The method just described works when the plane of the frame is at an acute angle to the viewing direction as, for example, in Figure 13-1. In addition, parts of the frame are often obscured by the cyclist’s legs. Therefore we have developed another method DarkSpots which returns the direction of the bike movement: 0 for right and 2 for left. The method makes a box inside of each wheel, calculates histograms of the lightness and sums SumLengths of lengths of almost horizontal polygon edges in these boxes and decides about the drawing direction of the bike. The decision is made by comparing the sum of histogram values below a threshold, i.e. the number of dark pixels in the box, plus 6*SumLenths in both boxes. The greater value indicates the rear wheel and with it also the direction of drawing: if the rear wheel is on the right hand side then the bike moves to left.

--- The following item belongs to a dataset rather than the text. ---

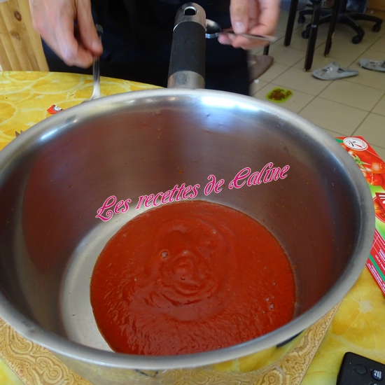 j’avais accompagné ma terrine d’un coulis de tomates que j’avais fait avec 1 brique de coulis, 1 cuil à soupe de concentré de tomates, 2 cuil à soupe d’eau, 1 bonne pincée de thym, sel, poivre et 1 feuille de laurier (ou 1 bonne pincée de laurier concassé comme j’utilise) et laissez mijoter 10 à 15 min à feu très doux
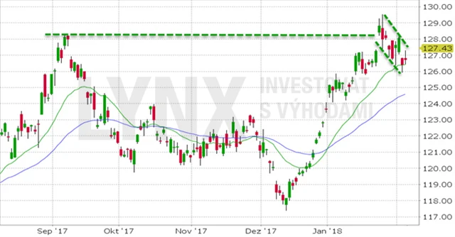 Pullback z posledních dnů narazil na 20denní klouzavý průměr. Má-li růstový trend pokračovat, cena by se neměla vracet pod tuto úroveň. Nakupujeme na 127,50 USD a stop-loss pokládáme pod poslední minima.

When the ellipses of the wheels and the direction of movement are recognized, the ellipses of the wheels and the model of the frame are shown in the right picture box. The message box in the middle of the display shows the message “Bicycle going to left is recognized.” If the user clicks Save result, a text file will be saved on the disk with context corresponding to the following example:

“A bicycle going to left has elliptical wheels.

First: a = 113; b = 173; c = 864; d = 796.

Second: a = 114; b = 173; c = 469; d = 790.”

The notations are as follows: a is the horizontal half-axis of the ellipse, b is its vertical half-axis, c is the x coordinate of the center of the wheel, and d is its y coordinate.

We have tested about 100 photographs showing bicycles on streets in a city. The bicycles were recognized in all photograps except large images of about 2000 × 1500 pixels with small bicycles of about 150 pixels in length (Figure 13-4).

Figure 13-5 provides some examples of images with recognized bicycles.